[Items listed in a dataset]
----------

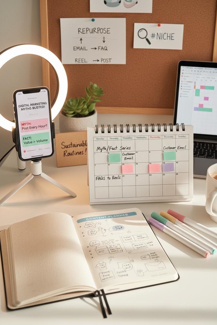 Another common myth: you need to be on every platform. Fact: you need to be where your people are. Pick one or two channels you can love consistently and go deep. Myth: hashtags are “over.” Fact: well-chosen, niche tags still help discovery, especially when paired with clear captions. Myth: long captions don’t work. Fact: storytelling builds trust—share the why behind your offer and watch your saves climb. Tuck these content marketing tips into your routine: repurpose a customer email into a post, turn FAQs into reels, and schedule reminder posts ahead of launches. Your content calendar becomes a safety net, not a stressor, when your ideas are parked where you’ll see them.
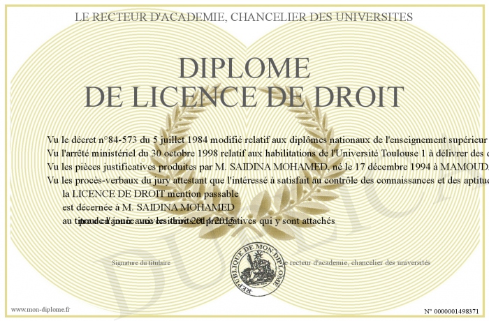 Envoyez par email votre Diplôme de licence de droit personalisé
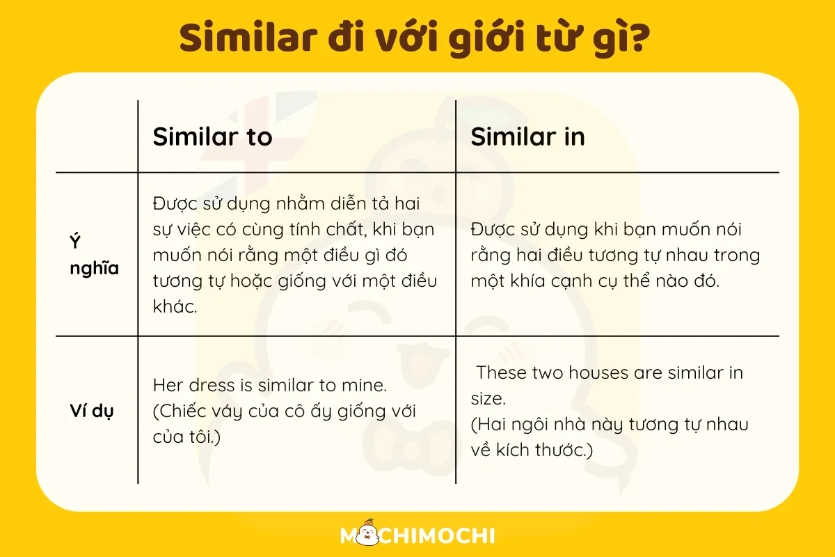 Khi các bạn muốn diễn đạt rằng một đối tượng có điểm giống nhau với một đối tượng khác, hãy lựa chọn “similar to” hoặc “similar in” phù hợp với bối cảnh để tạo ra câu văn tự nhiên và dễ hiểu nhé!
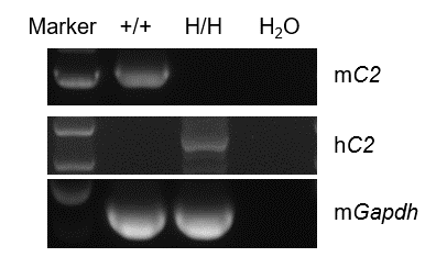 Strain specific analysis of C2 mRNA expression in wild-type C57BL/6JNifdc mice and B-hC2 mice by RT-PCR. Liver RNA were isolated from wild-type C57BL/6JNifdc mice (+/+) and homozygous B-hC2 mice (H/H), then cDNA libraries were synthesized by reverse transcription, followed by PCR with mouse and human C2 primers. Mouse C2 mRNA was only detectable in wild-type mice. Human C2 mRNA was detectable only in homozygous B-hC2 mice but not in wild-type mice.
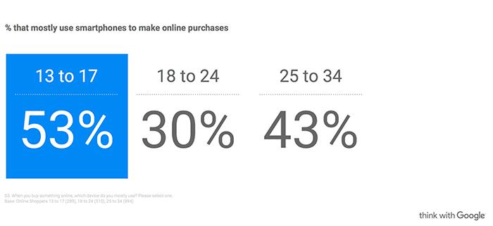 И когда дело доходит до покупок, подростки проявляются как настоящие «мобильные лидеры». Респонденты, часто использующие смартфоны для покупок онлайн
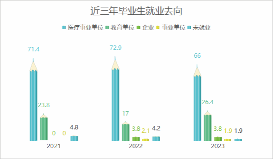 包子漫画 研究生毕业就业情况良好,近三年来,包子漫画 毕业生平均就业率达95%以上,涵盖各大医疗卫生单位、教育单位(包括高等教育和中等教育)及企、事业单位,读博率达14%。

----------

Could you set down, exactly as written, every line from the start of the records above through the line containing "Khi các bạn", leaving the pictures out?

 Another common myth: you need to be on every platform. Fact: you need to be where your people are. Pick one or two channels you can love consistently and go deep. Myth: hashtags are “over.” Fact: well-chosen, niche tags still help discovery, especially when paired with clear captions. Myth: long captions don’t work. Fact: storytelling builds trust—share the why behind your offer and watch your saves climb. Tuck these content marketing tips into your routine: repurpose a customer email into a post, turn FAQs into reels, and schedule reminder posts ahead of launches. Your content calendar becomes a safety net, not a stressor, when your ideas are parked where you’ll see them.
 Envoyez par email votre Diplôme de licence de droit personalisé
 Khi các bạn muốn diễn đạt rằng một đối tượng có điểm giống nhau với một đối tượng khác, hãy lựa chọn “similar to” hoặc “similar in” phù hợp với bối cảnh để tạo ra câu văn tự nhiên và dễ hiểu nhé!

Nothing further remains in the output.